The problem is that am a subcultural refugee now, neither part of my origin culture and yet to be truly integrated into the wider culture, so I feel like I am in a kind of transformative limbo. I am a part of a "walk away" movement from the extreme left aligned mind set of just about everyone around me. I live in a moral vaccum subculture, destroyed by drugs, irresponsibility and the lefty sense of entitlement and "activism" and having devoted myself to this culty immature and non-progressive hypocrisy, for much of my life, I find myself extremely disillusioned and disenfranchised.
I want out, but I need wellness, to get out. I know I will get there, I just have to keep working towards it.
 
Something to maybe consider: is it really a neurotypical land?

When you get to know people, one of the things that I personally always seem to be confronted with is the degree of internal distress and struggle to get by in the world that seems to pervade people from all walks of life.

It’s incredibly easy to generalise - and that’s something our brain often does to confirm our CD’s. Mine does that all the time. I can find evidence everywhere of how completely and innately different I am to everyone else.

I have a bit of a pet project that I’ve been working on for years now - trying to find a person who is willing to say (while sober!) “I feel like I fit in in this world”. Haven’t met one yet. Not a single one.

It’s a difficult balance trying to balance validating the extreme abise you’ve been through on the one hand, and not ending up feeling like some kinda freak as a result.

I’d put it to you though, that as you’ve been moving through your own recovery and gradually learning (a) who you really are, and what your story is; and (b) coming to accept that person? Finding a place, and people, that you feel some sense of belonging to will naturally follow. ‘Belonging’ doesn’t mean ‘same’, yeah?

Back track on your progress to date: you started from a place of complete isolation, existing in relationships that were solely about exploiting and abusing you.

Currently, and still (always!) a work in progress, you’ve found this place, and people that you relate to and feel comfortable among. And you’re uncovering the degree to which you’re also on the spectrum, and by the sounds of it, you’ve found another forum that has some elements you relate to as well.

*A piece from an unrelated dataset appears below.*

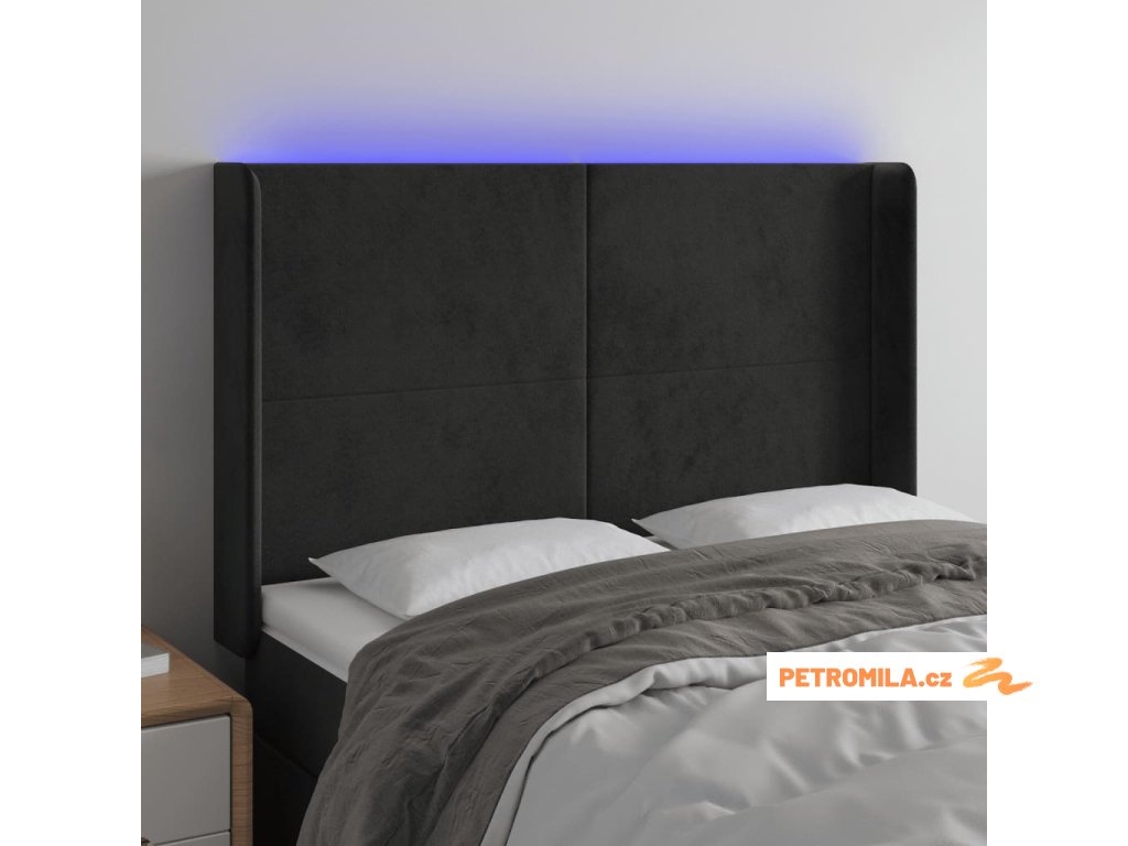 Čelo postele s LED černé 147 x 16 x 118/128 cm samet

“I’m a complete freak” is a core belief (which is different by degrees to a cognitive distortion) that I’ve battled against for years. For a long time, my goal was to change my core beliefs about myself. At some point, I abandoned that crusade, and shifted my focus to healing smaller stuff.

Healing the smaller stuff, rather than trying to forcibly change core beliefs, is what helps us make slow progress in changing our lives. And when your life starts to change, the core beliefs become less and less consistent with our new lived experience. That’s when core beliefs will start to wane and shift, all by themselves.

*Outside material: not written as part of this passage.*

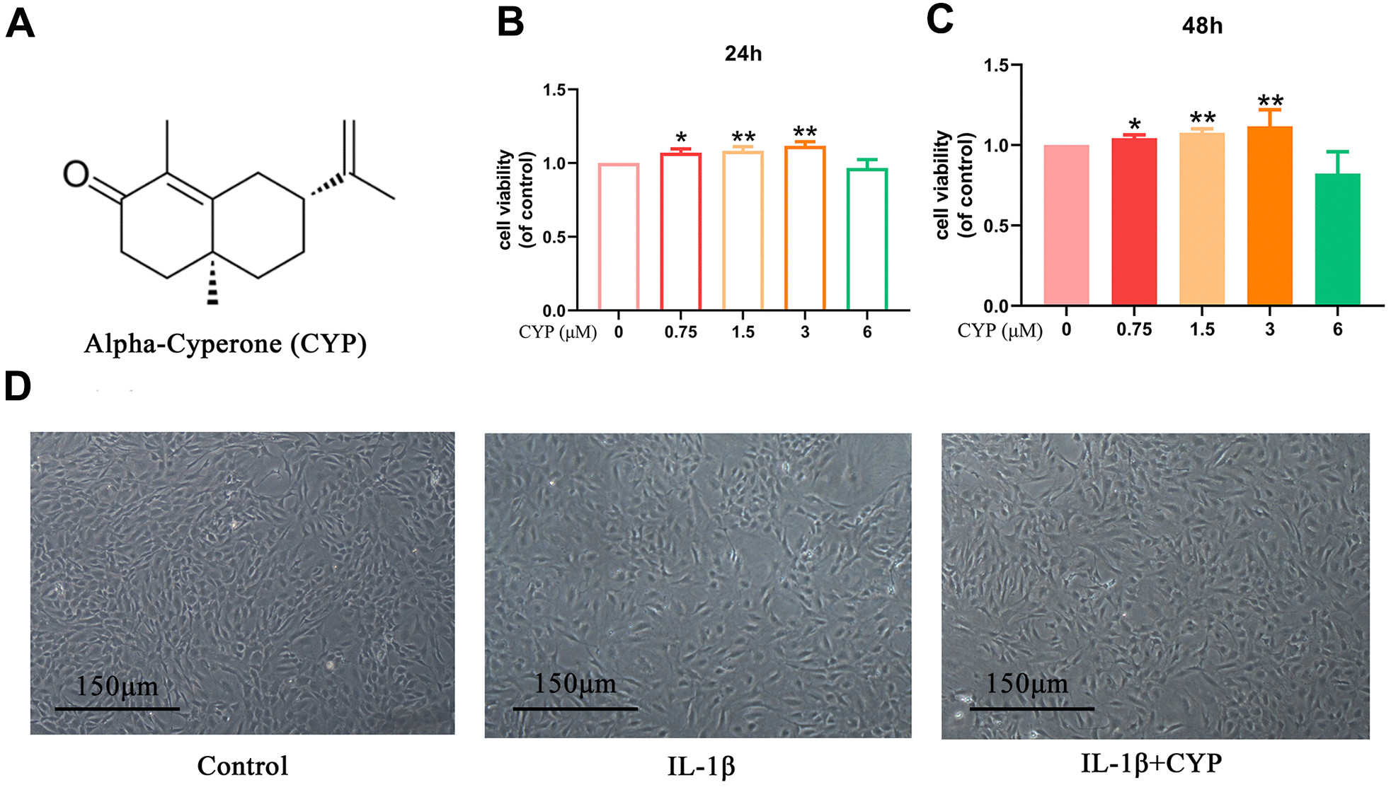 Figure 1. Effects of CYP on survival rate of chondrocytes. (A) Structural chemical formula of CYP. (B, C) CYP’s cytotoxicity of in an increasing concentration (0, 0.75, 1.5, 3, 6 μM) on chondrocytes as measured by CCK-8 assay after a 24 or 48-hour incubation. (D) Morphology of chondrocytes as observed under a microscope following treatment by IL-1β (10 ng/ml) combined with or without CYP (3 μM) after 24 hours of incubation (scale bar: 150 μm). Data presented are means ± S.D. of five independent experiments. * p < 0.05 and ** p < 0.01 vs. the control group, n=5.

I think your lived experience is changing? For the better? Your perception of yourself as a freak will become less and less persistent and present the more you become comfortable with who you now are, and the new life you’re defining for yourself:)
This was brilliant. Very, very helpful.. I can feel the reality of this! :-). The "freak" thing is a CD I've had going for ever. I CAN feel and am glimpsing the "light at the end of the tunnel". I am "furling" my freak flag, and joining the ranks of the everyday people.
Born into "freaksville" all the while being a moderate and very middle ground human, I feel like I am finally finding my own centre.